Sunday, July 31, 2011

Sectarian laws

Granted that the well-fanned flames of anti-shariah panic spring from bigotry in almost every instance.

The more tangible effect of the movement, opponents say, is the spread of an alarmist message about Islam.... The anti-Shariah campaign, they say, appears to be an end in itself, aimed at keeping Muslims on the margins of American life.
The loons who oppose any mosque in Murfreesboro, Tennessee, don't do it because they are in fact in any danger at all. They do it because they hate Muslims, don't want them living next door, and don't want them worshipping any god but theirs.

They've reached the point where most of them will grudgingly give Catholics a pass, at least until they get the Southern Baptist theocracy they want established. And this will differ from shariah how exactly? I am the lord thy god, and thou shall have no other gods before me. It's such a huuuge difference to smite a heretic in the name of god, instead of the name of god in Arabic.

But I digress.

The truth is that, despite anti-shariah's genealogy of bigotry, I don't want any ecclesiastical law - not canon law, not rabbinic law, and especially not shariah - to determine the outcome of cases in American courts. I want secular law to dominate. I'm happy to have diverse ethnic and religious people in America, but America is a shared political idea of common liberty under law. It shouldn't be a place where one neighborhood has rights for women and one neighborhood can treat them as chattel.

Sure, we have only attained this enlightenment ourselves recently. That only means we shouldn't draw self-flattering conclusions about how wonderful we are, not that we should surrender the real progress we've made as if it weren't really progress after all.

One actual case I've heard of in which shariah was considered (in Florida, of all places, if I remember correctly) was a family law case submitted to an Islamic arbitrator by mutual consent of the parties. Since both the man and the woman were represented by American lawyers, that sounds pretty reasonable. Still, think of the social pressure on the woman to accept her lesser legal standing and thus to achieve a lesser outcome. A Muslim woman who immigrates to America should (and does) gain all the rights of the American woman she has become.

Here's another case in which justice was delayed, though not denied:
Critics most typically cite a New Jersey case last year in which a Moroccan woman sought a restraining order against her husband after he repeatedly assaulted and raped her. The judge denied the request, finding that the defendant lacked criminal intent because he believed that his wife must comply, under Islamic law, with his demand for sex.

The decision was reversed on appeal.
America is in no danger whatsoever of the establishment of widespread shariah. None. The anti-shariah movement is built to frighten and manipulate credulous wingnut fools. Keeping them in a constant state of uproar and fear - so typical of conservatives - is an electoral strategy designed as red meat for the bigoted, nativist base of the Republican Party.

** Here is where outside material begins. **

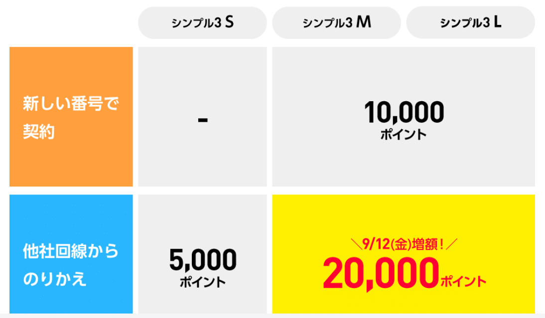 また、新しい番号でシンプル3 M/Lを契約すると通常10,000ポイントですが、今なら利用者年齢が5~18歳の場合、シンプル3通常特典の3倍の15,000ポイントになるため、お子さんのスマホデビューにもおすすめです。

The correct political reply from the left is not to defend shariah. We don't want to own this sort of statement:
“There’s a conflation between the idea of Islam being a universalist, proselytizing religion and reducing it to a totalitarian movement,” said Mohammad Fadel, an associate professor specializing in Islamic law at the University of Toronto. “All good propaganda is based on half-truths.”
Islam is not a universalist religion. It's not inclusive. It's absolutist. Its social and political incarnations in the Middle East, Asia, and Africa practice by and large only the barest religious tolerance - if any. Speaking of propaganda based on half-truths...

Perhaps our political response should start by mocking the silly fears of ignernt teabaggers. But mainly it's to say quite calmly and directly that we all live under the Constitution and English Common Law, and that we don't need any precedents, statutes, or case law from any religious legalisms. For example, we don't need Michele Bachmann submitting to her husband like a good little religious wife - fundamentalist Christian or Muslim, take your pick, we don't want either.

Update: Outrage piled upon outrage, so thick and high I could quote almost any single paragraph. Here are two short ones:
Ms. Mohammedi’s uncle visited her in jail to say she had shamed the family, and promised that they would kill her once she was released. Her father, an illiterate laborer who works in Iran, sorrowfully concurred. He cried during two visits to the jail, saying almost nothing to his daughter. Blood, he said, was perhaps the only way out.

“What we would ask is that the government should kill both of them,” said the father, Kher Mohammed.
Do we actually imagine in a century we could fix this lawless backward society? It would take a mythic race of avenging Amazons killing every uncle who murdered his niece and every father who acquiesced. As brutally and publicly as possible.